INFORMATION SHOWN:
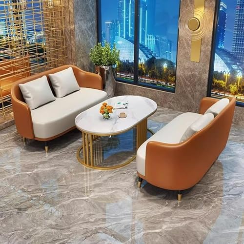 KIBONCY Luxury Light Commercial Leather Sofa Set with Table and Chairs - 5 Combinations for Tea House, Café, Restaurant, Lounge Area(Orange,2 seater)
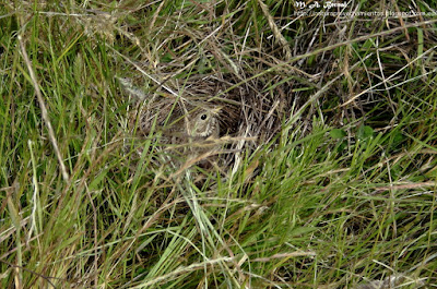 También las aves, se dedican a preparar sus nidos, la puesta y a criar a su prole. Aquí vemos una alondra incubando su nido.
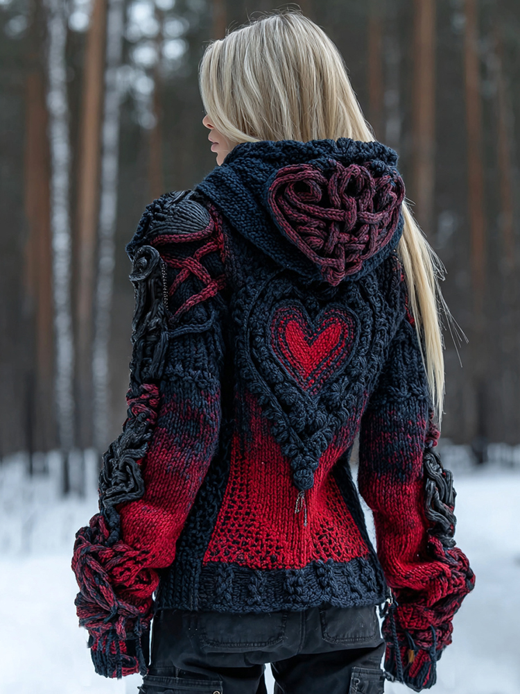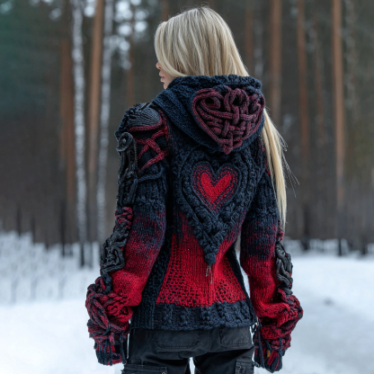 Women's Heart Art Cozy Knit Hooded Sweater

YOUR GOAL: Give all of the material again, exactly, apart from the pictures.

ANSWER TO THIS EXERCISE:
 KIBONCY Luxury Light Commercial Leather Sofa Set with Table and Chairs - 5 Combinations for Tea House, Café, Restaurant, Lounge Area(Orange,2 seater)
 También las aves, se dedican a preparar sus nidos, la puesta y a criar a su prole. Aquí vemos una alondra incubando su nido.
 Women's Heart Art Cozy Knit Hooded Sweater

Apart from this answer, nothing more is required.